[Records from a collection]
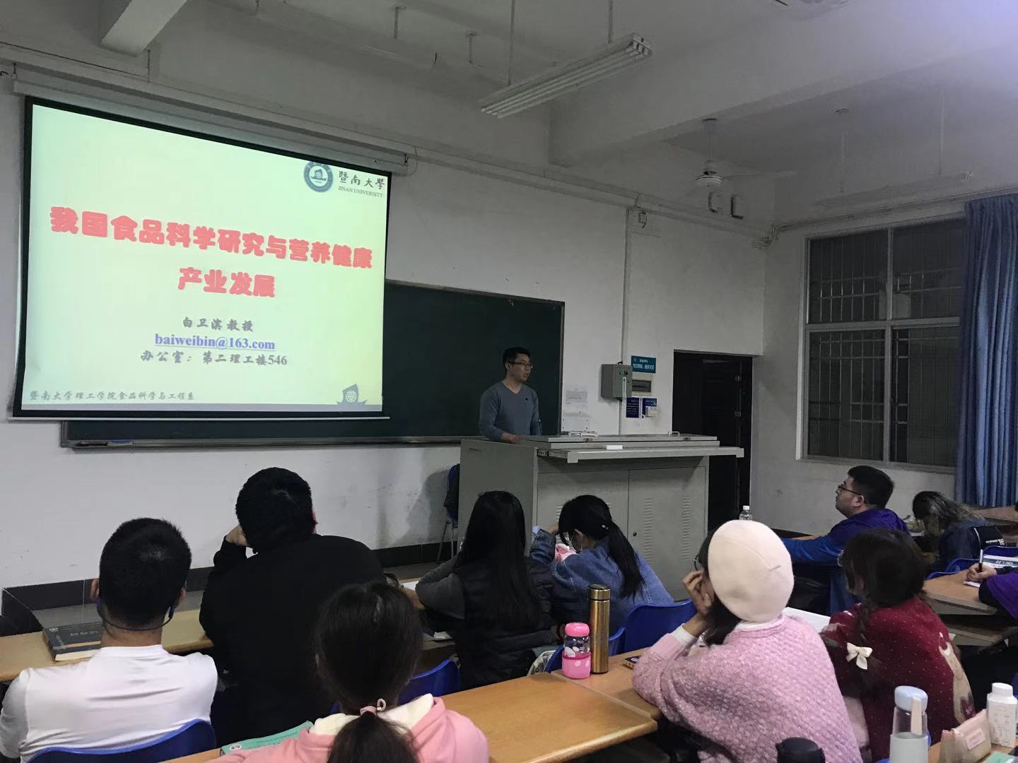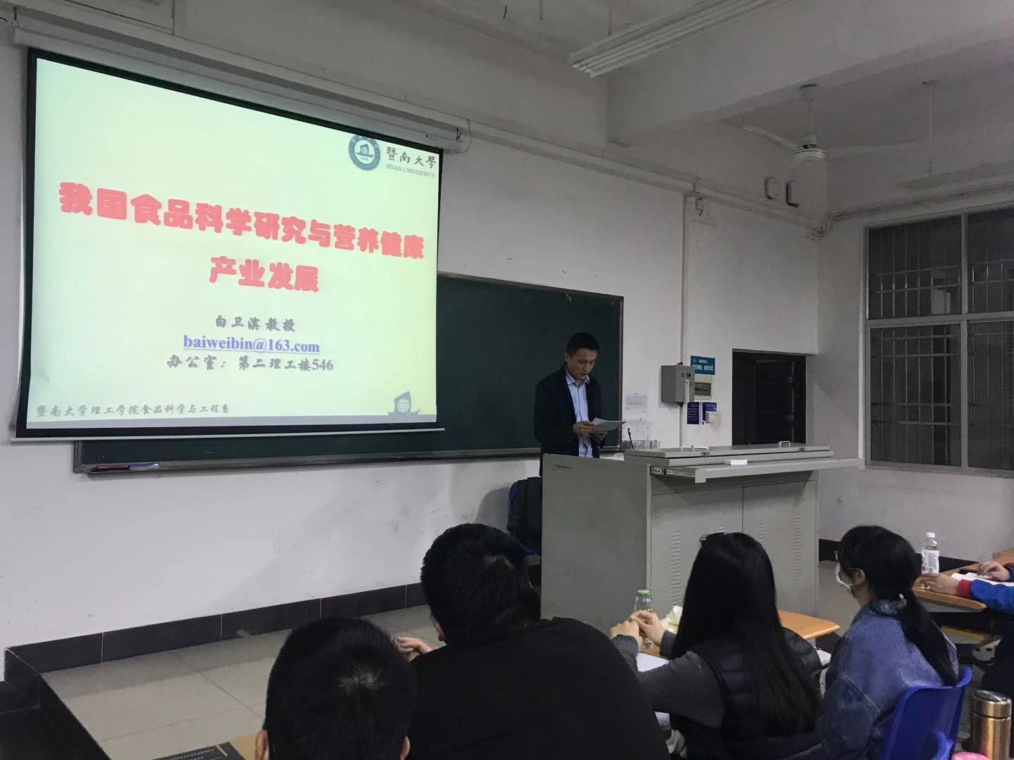 2020年12月23日,暨南大学白卫滨教授来ac米兰官网为2018级食品质量与安全系的本科生进行冬季小学期的授课。授课内容围绕“食品功能因子在体内外的营养学评价以及对健康产业发展的展望”展开。
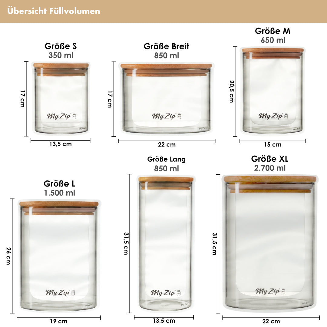 Das Fassungsvermögen der MyZip-Beutel beträgt 350 ml (Größe S) bis 2.700 ml (Größe XL).
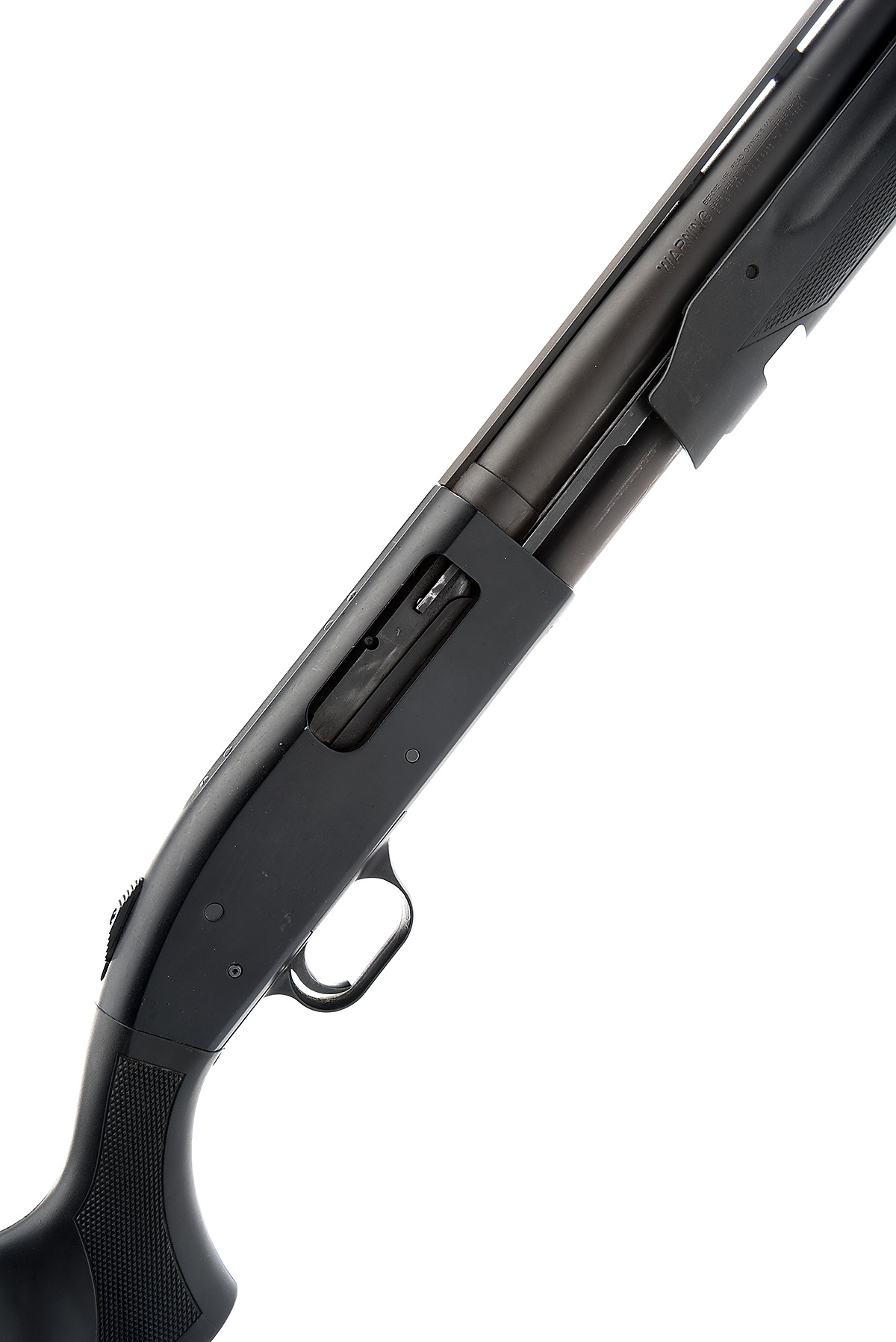 MOSSBERG 12-BORE (3IN.) '500' MODERATED PUMP-ACTION SHOTGUN, serial no. U281582, for 2013, 35 1/4in. steel-shot proofed nitro barrel including sound moderator, 3in. chamber, manual top tang safety, 14in. synthetic pistolgrip stock including ventilated rubber recoil pad, the whole in matt black finish, weight 7lb. 14oz.
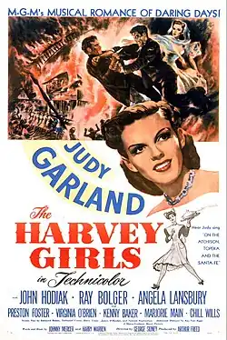 The Harvey Girls is a 1946 Technicolor American musical film produced by Arthur Freed for Metro-Goldwyn-Mayer. It is based on the 1942 novel of the same name by Samuel Hopkins Adams, about Fred Harvey's Harvey House waitresses.[2] Directed by George Sidney, the film stars Judy Garland and features John Hodiak, Ray Bolger, and Angela Lansbury, as well as Preston Foster, Virginia O'Brien, Kenny Baker, Marjorie Main and Chill Wills. Future star Cyd Charisse appears in her first speaking role on film.
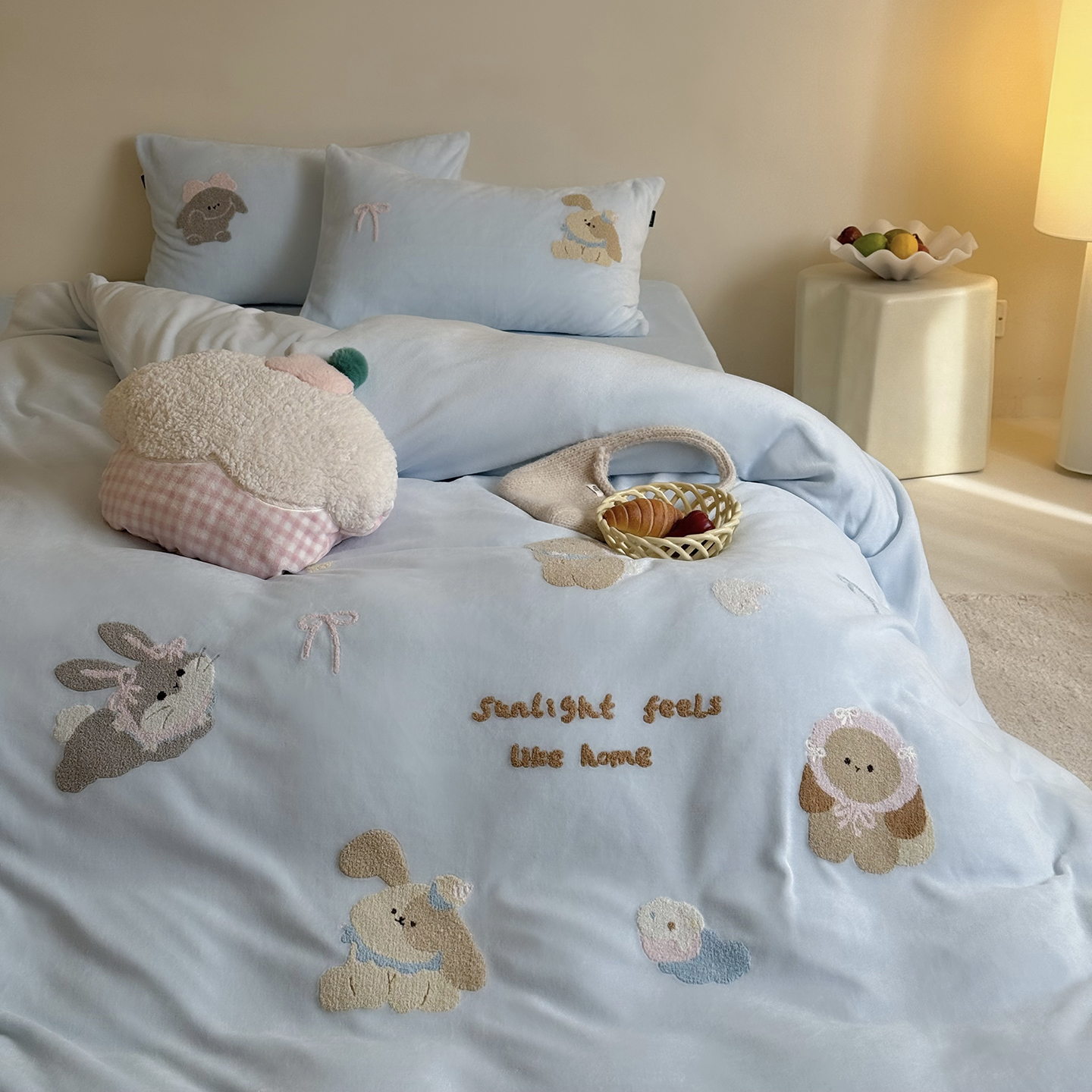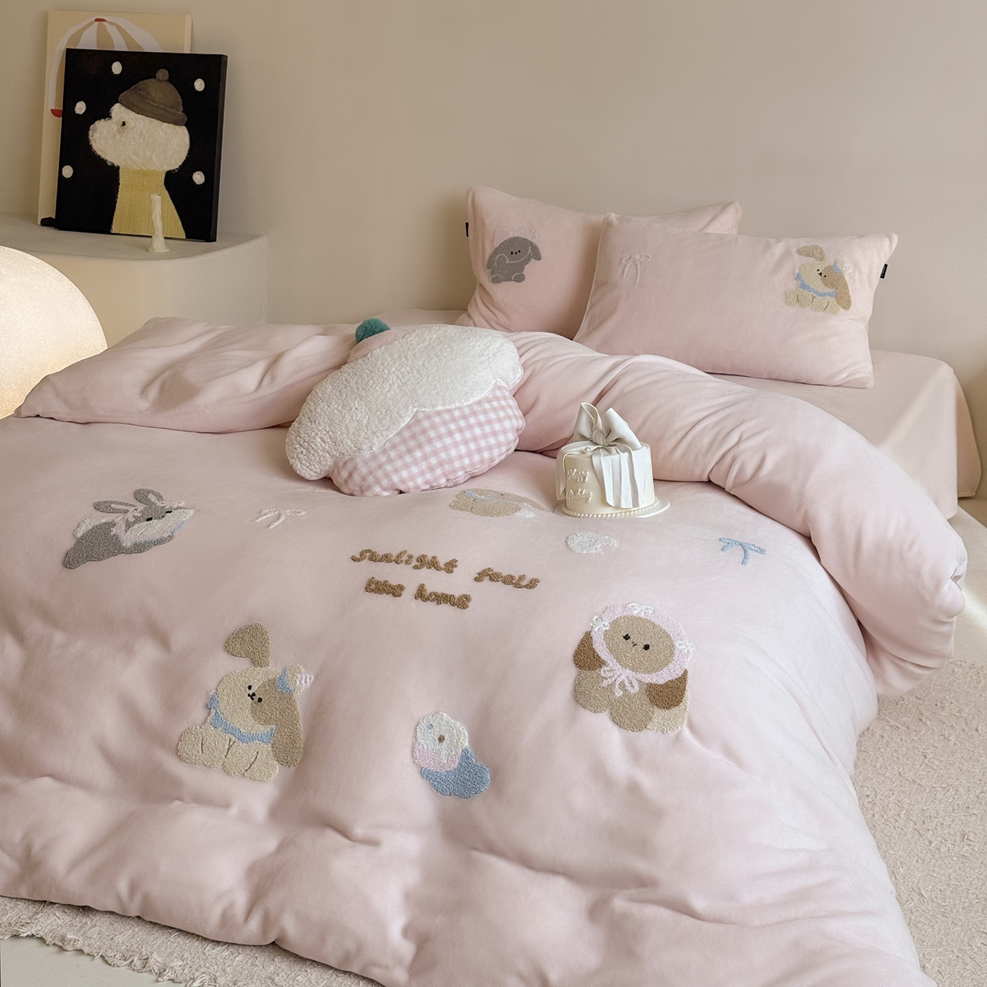 当前位置: 91家纺网 > 商品网购 > 床品套件 > 四件套 > 牛奶绒四件套 > 鹿班家居 2025新款冬季高克重牛奶绒毛巾绣系列四件套-可爱丽小兔(标准会员-10元) 粉色
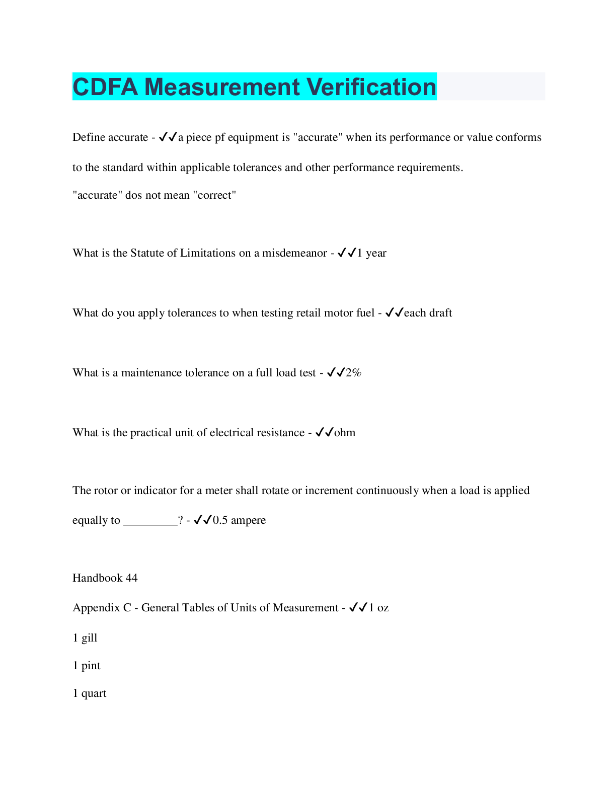 Social Sciences > QUESTIONS & ANSWERS > CDFA Measurement Verification (All)
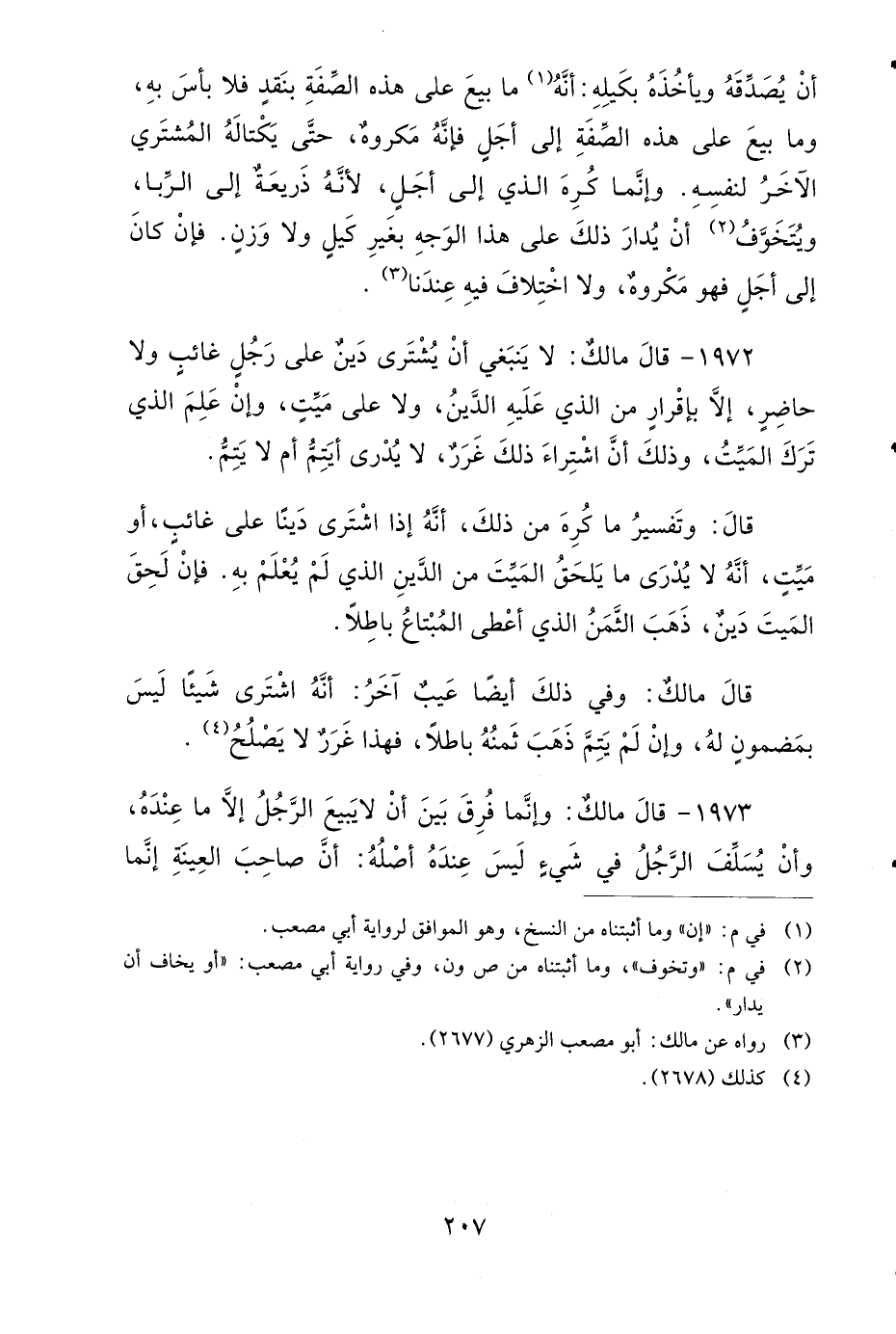 1972- قَالَ مَالِكٌ: لاَ يَنْبَغِي أَنْ يُشْتَرَى دَيْنٌ عَلَى رَجُلٍ غَائِبٍ، وَلاَ حَاضِرٍ، إِلاَّ بِإِقْرَارٍ مِنِ الَّذِي عَلَيْهِ الدَّيْنُ، وَلاَ عَلَى مَيِّتٍ، وَإِنْ عَلِمَ الَّذِي تَرَكَ الْمَيِّتُ، وَذَلِكَ أَنَّ اشْتِرَاءَ ذَلِكَ غَرَرٌ، لاَ يُدْرَى أَيَتِمُّ أَمْ لاَ يَتِمُّ؟.
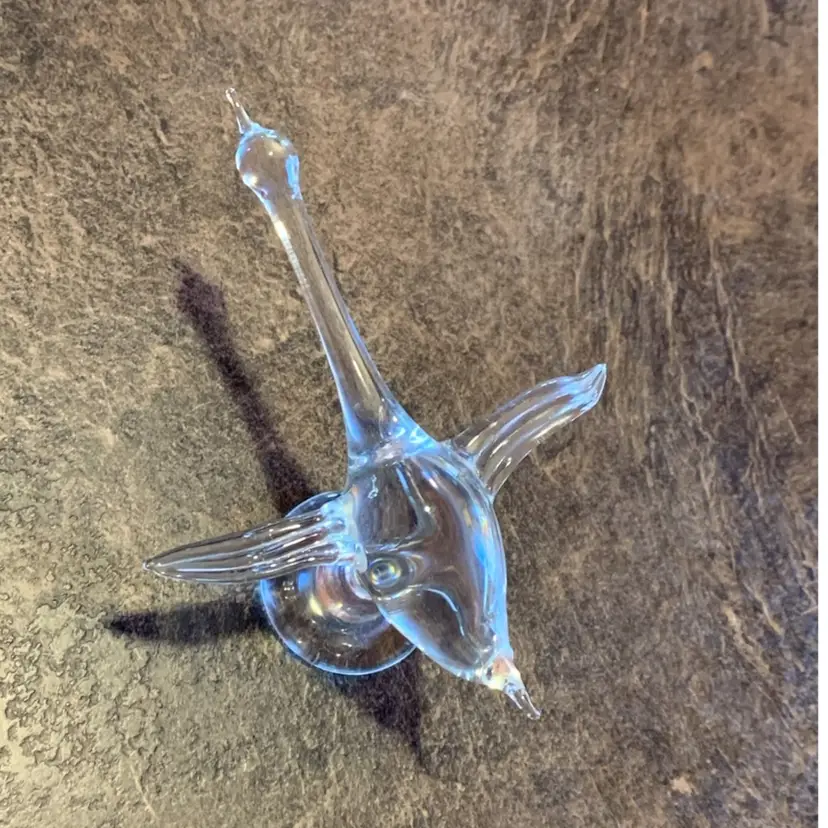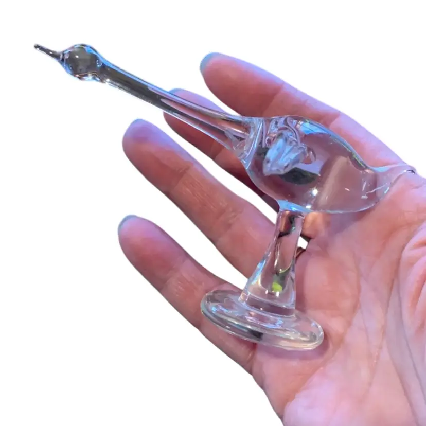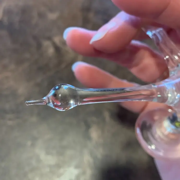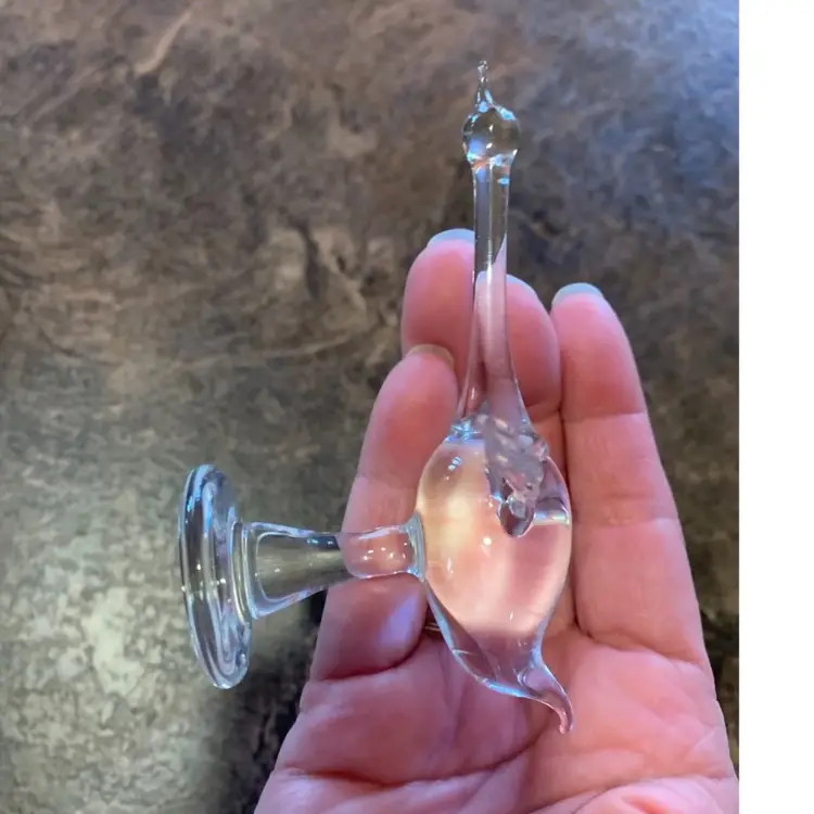 Clear blown glass. Small and delicate. With no chips, cracks or repairs. Please see photos for details. I am happy to answer any questions. Thank you for checking out my listings.

*EXERCISE DETAILS*
So that the copy stays exact, reproduce each record word for word and leave its images out.

*EXERCISE RESULT*
 2020年12月23日,暨南大学白卫滨教授来ac米兰官网为2018级食品质量与安全系的本科生进行冬季小学期的授课。授课内容围绕“食品功能因子在体内外的营养学评价以及对健康产业发展的展望”展开。
 Das Fassungsvermögen der MyZip-Beutel beträgt 350 ml (Größe S) bis 2.700 ml (Größe XL).
 MOSSBERG 12-BORE (3IN.) '500' MODERATED PUMP-ACTION SHOTGUN, serial no. U281582, for 2013, 35 1/4in. steel-shot proofed nitro barrel including sound moderator, 3in. chamber, manual top tang safety, 14in. synthetic pistolgrip stock including ventilated rubber recoil pad, the whole in matt black finish, weight 7lb. 14oz.
 The Harvey Girls is a 1946 Technicolor American musical film produced by Arthur Freed for Metro-Goldwyn-Mayer. It is based on the 1942 novel of the same name by Samuel Hopkins Adams, about Fred Harvey's Harvey House waitresses.[2] Directed by George Sidney, the film stars Judy Garland and features John Hodiak, Ray Bolger, and Angela Lansbury, as well as Preston Foster, Virginia O'Brien, Kenny Baker, Marjorie Main and Chill Wills. Future star Cyd Charisse appears in her first speaking role on film.
 当前位置: 91家纺网 > 商品网购 > 床品套件 > 四件套 > 牛奶绒四件套 > 鹿班家居 2025新款冬季高克重牛奶绒毛巾绣系列四件套-可爱丽小兔(标准会员-10元) 粉色
 Social Sciences > QUESTIONS & ANSWERS > CDFA Measurement Verification (All)
 1972- قَالَ مَالِكٌ: لاَ يَنْبَغِي أَنْ يُشْتَرَى دَيْنٌ عَلَى رَجُلٍ غَائِبٍ، وَلاَ حَاضِرٍ، إِلاَّ بِإِقْرَارٍ مِنِ الَّذِي عَلَيْهِ الدَّيْنُ، وَلاَ عَلَى مَيِّتٍ، وَإِنْ عَلِمَ الَّذِي تَرَكَ الْمَيِّتُ، وَذَلِكَ أَنَّ اشْتِرَاءَ ذَلِكَ غَرَرٌ، لاَ يُدْرَى أَيَتِمُّ أَمْ لاَ يَتِمُّ؟.
 Clear blown glass. Small and delicate. With no chips, cracks or repairs. Please see photos for details. I am happy to answer any questions. Thank you for checking out my listings.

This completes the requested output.